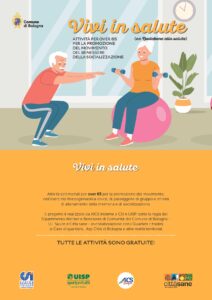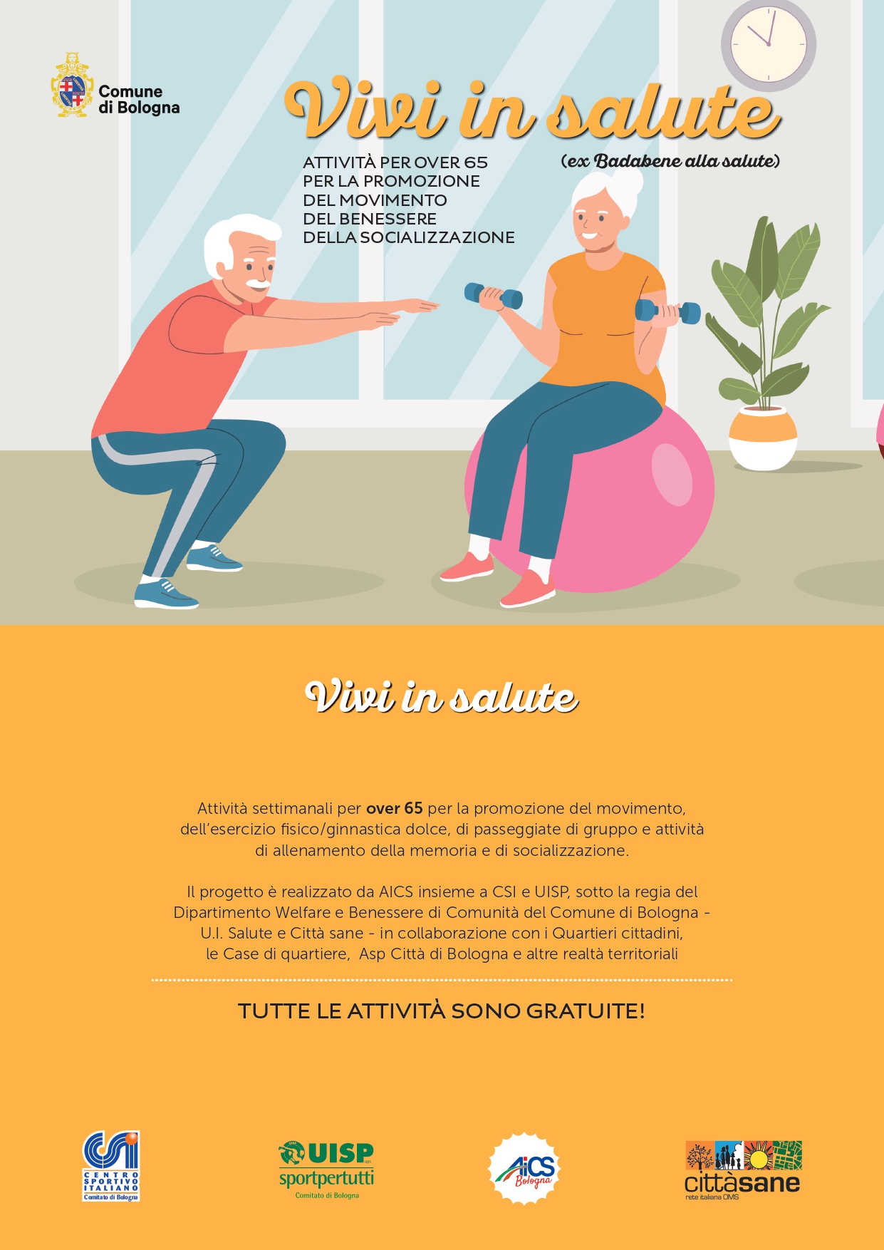 Attività settimanali per over 65 per la promozione del movimento, dell esercizio fisico/ginnastica dolce, di passeggiate di gruppo e attività di allenamento della memoria e di socializzazione. Il progetto è realizzato da AICS insieme a CSI e UISP, sotto la regia del Dipartimento Welfare e Benessere di Comunità del Comune di Bologna – U.I. Salute e Città sane – in collaborazione con i Quartieri cittadini, le Case di quartiere, Asp Città di Bologna e altre realtà.
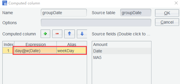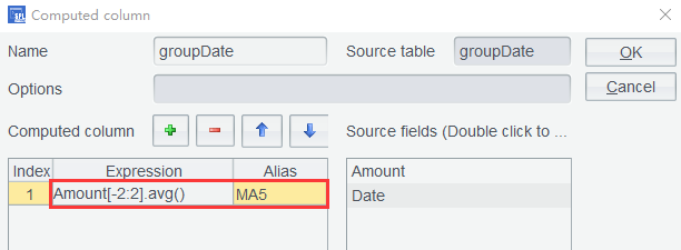 Step 2: Add a Computed Column in groupDate table by setting the expression as Amount[-2:2].avg():
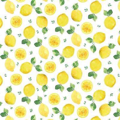 Y4735-1, Clothworks, Designed by Heatherlee Chan, For Lemon Zest Collection, Digital Tossed Lemons White
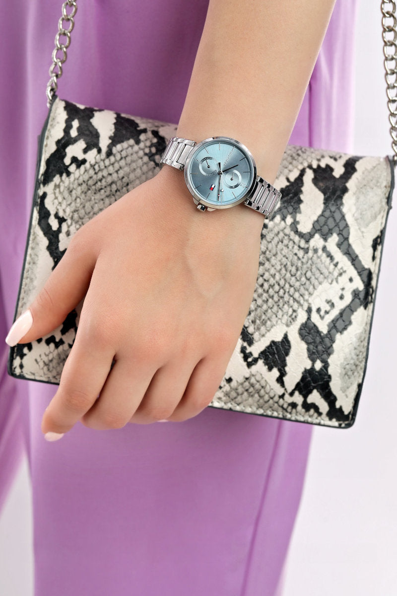 Tommy Hilfiger Angela Blue Dial Silver Steel Strap Watch for Women - 1782126
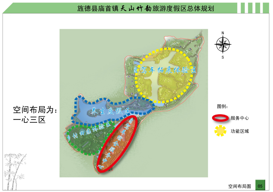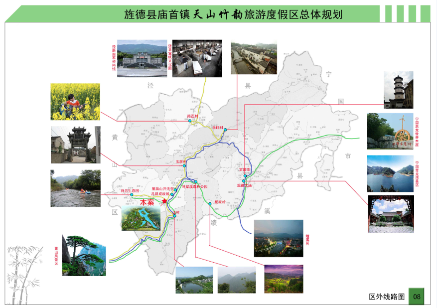 以旌德县大旅游区为背景,创新旅游产品,依托创意性养生度假旅游产品,考虑市场的需求特征和景区的发展需要,规划将旅游区的主题形象定位为:山水田园风光、养生度假乐园,竹韵山水间怡情养生处。
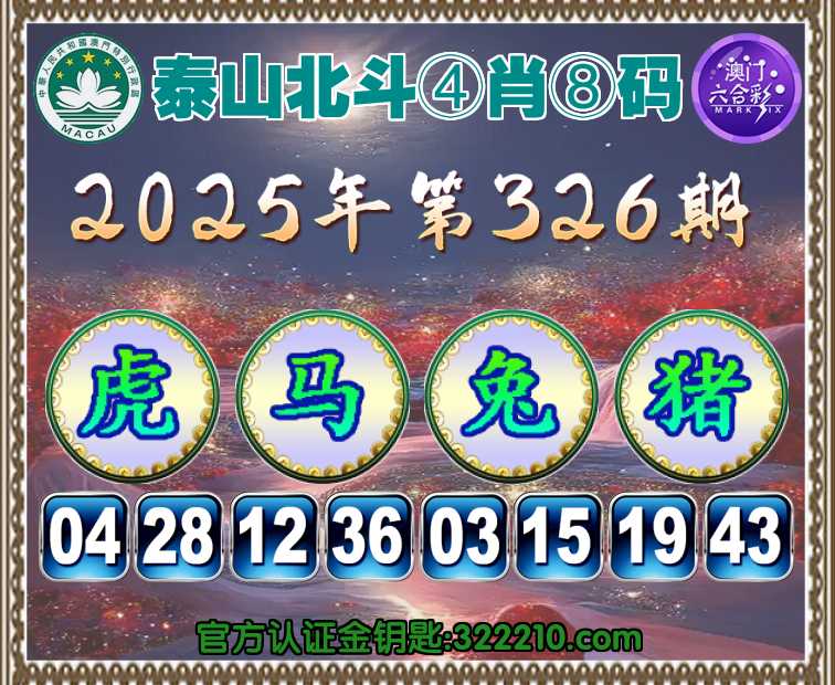 326期:【泰山北斗】 🏇④肖⑧码🏇【虎马兔】开:猪19
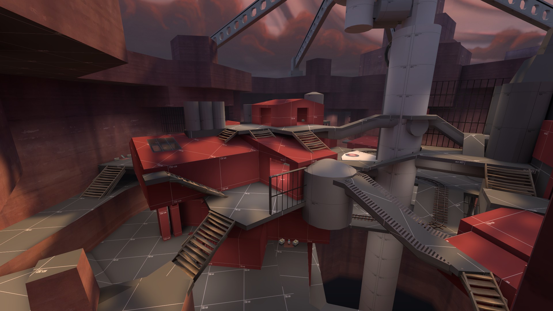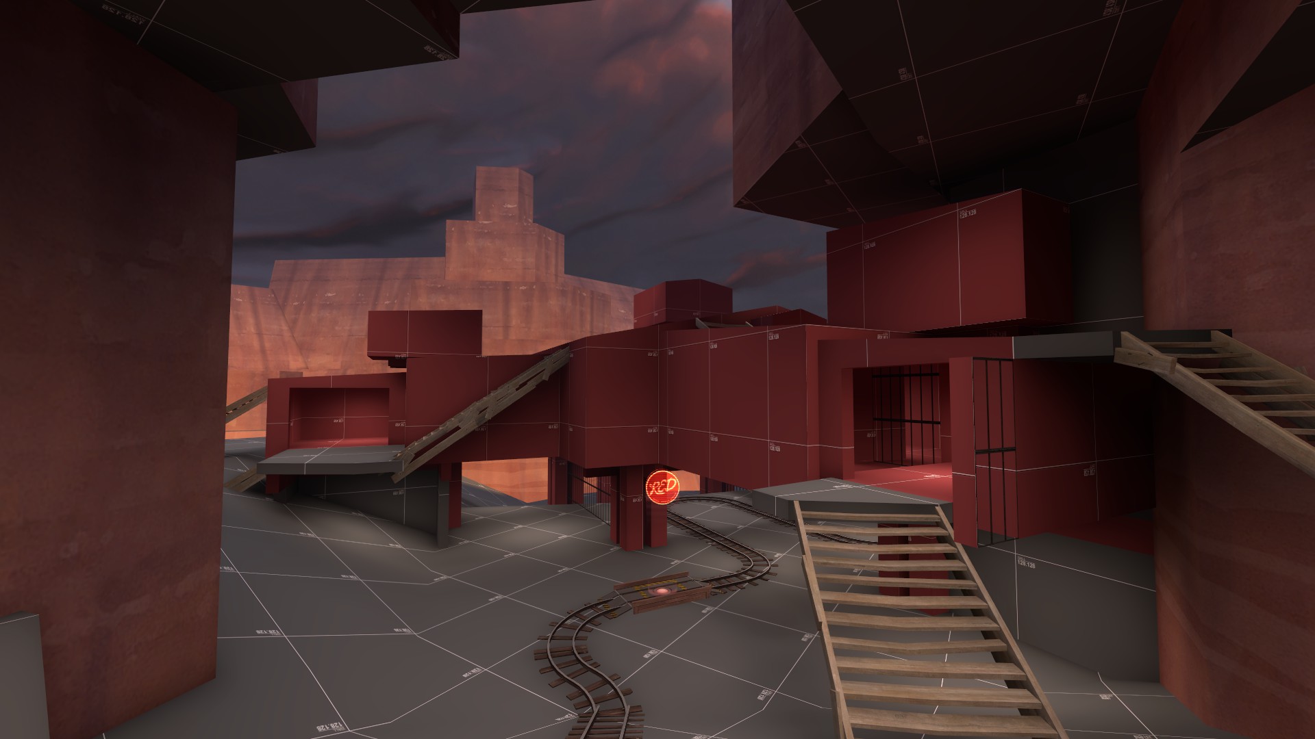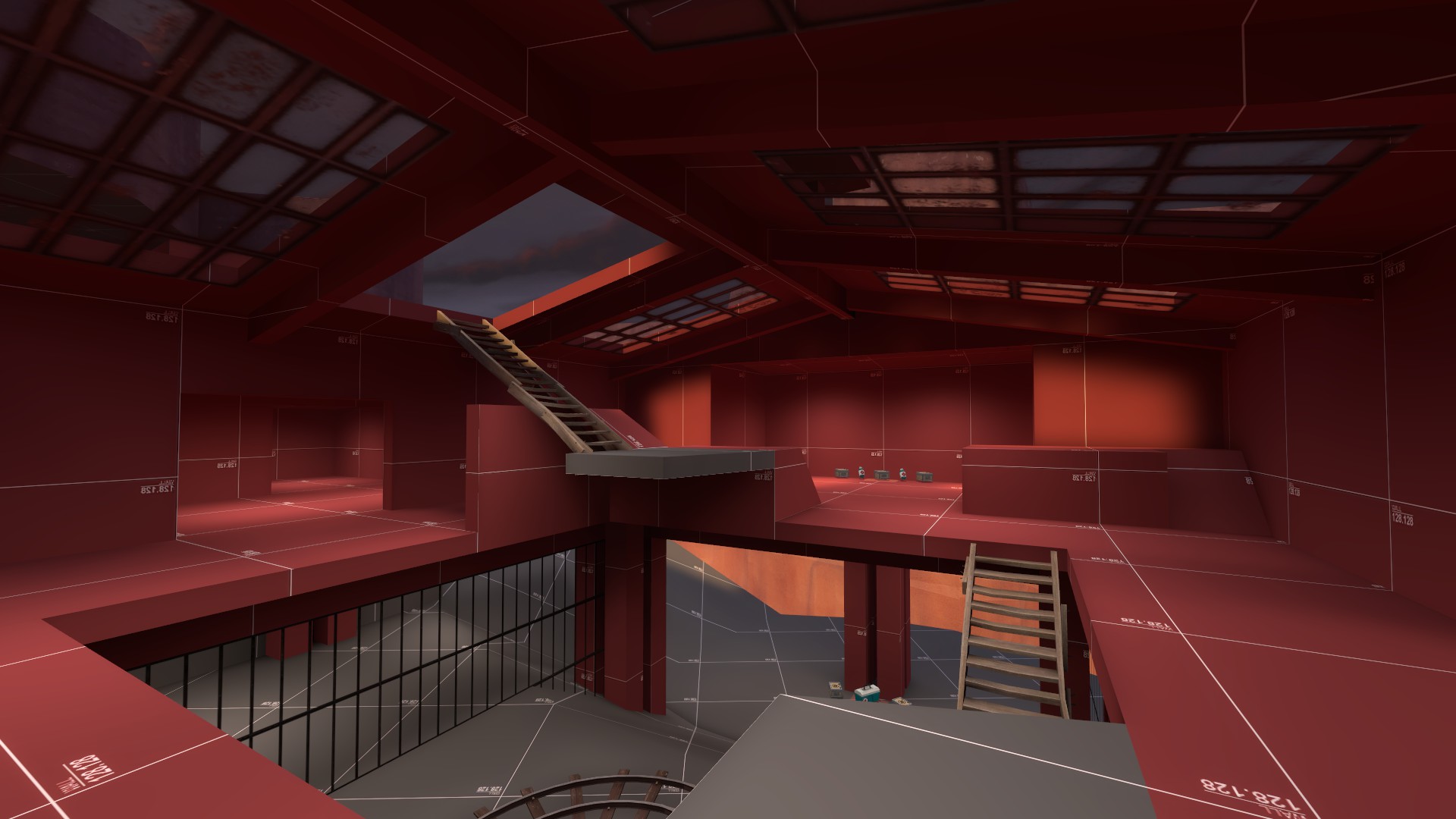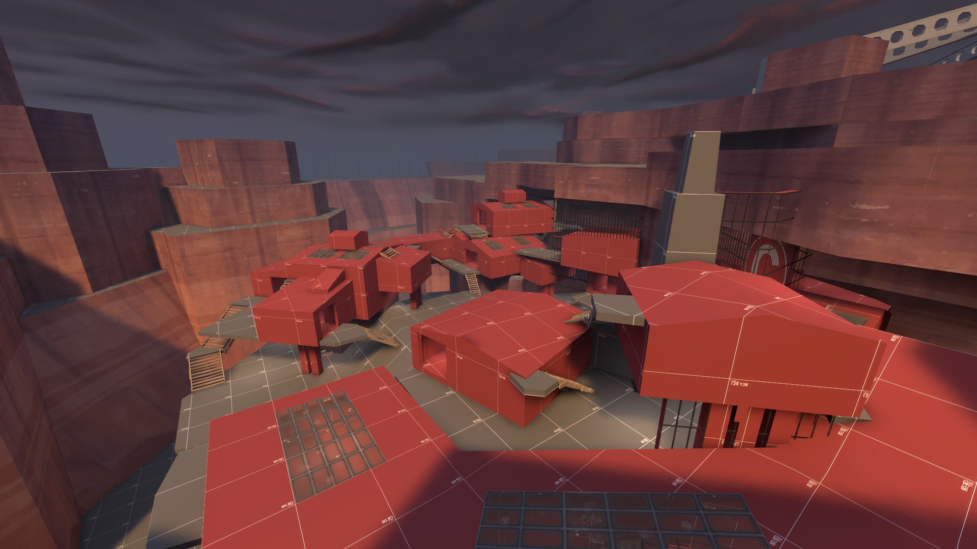 Red River is a payload map for Valve's Team Fortress 2 designed for 100 players and set in an janky abandoned mining facility surrounded by a snaking river death-pit. In July 2023 Valve released an update to TF2 which included a small patch note that increased the player limit from 32 to 100. Being a big fan of large player counts in multiplayer games I absolutely had to design a map to test the potential of the increase. Adding 68 players to the game is a huge shift to the overall gameplay dynamic. This shift, in addition to an increased difficulty in setting up a 100 player server and filling said server, meant I had to test the first few versions on the only popular 100 player community server in TF2. So, I rushed to make a layout in the early stages of the new player count.
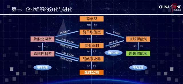 一个企业从小公司开始,不断形成某种架构。从简单型到简单职能型,再到直线职能型,然后再形成事业部制,进而形成战略型事业群,这是典型的海尔机制,也是家电行业的标杆模型。它发展下来,又形成了网络化或者是创客平台。而华为不是按照事业部制的方式运行的,它所形成的是一种集权模式,并向跨国职能型发展。它是严格的控制与在某些领域的聚焦。联想则在向控股和跨国控股的方向发展。这三条道路会不会殊途同归呢?这会涉及到一些技术发展,但最终的目标都是走向全球化的——这些是企业分化与进化的过程。

________________

**EXERCISE DIRECTIONS:**
The response is to contain exactly the lines from the beginning of the data through the line containing "326期:【泰山北斗】 🏇④肖⑧码🏇【虎马兔】开:猪19", both ends included, and nothing else; omit the pictures.

**TASK OUTPUT:**
 Attività settimanali per over 65 per la promozione del movimento, dell esercizio fisico/ginnastica dolce, di passeggiate di gruppo e attività di allenamento della memoria e di socializzazione. Il progetto è realizzato da AICS insieme a CSI e UISP, sotto la regia del Dipartimento Welfare e Benessere di Comunità del Comune di Bologna – U.I. Salute e Città sane – in collaborazione con i Quartieri cittadini, le Case di quartiere, Asp Città di Bologna e altre realtà.
 Step 2: Add a Computed Column in groupDate table by setting the expression as Amount[-2:2].avg():
 Y4735-1, Clothworks, Designed by Heatherlee Chan, For Lemon Zest Collection, Digital Tossed Lemons White
 Tommy Hilfiger Angela Blue Dial Silver Steel Strap Watch for Women - 1782126
 以旌德县大旅游区为背景,创新旅游产品,依托创意性养生度假旅游产品,考虑市场的需求特征和景区的发展需要,规划将旅游区的主题形象定位为:山水田园风光、养生度假乐园,竹韵山水间怡情养生处。
 326期:【泰山北斗】 🏇④肖⑧码🏇【虎马兔】开:猪19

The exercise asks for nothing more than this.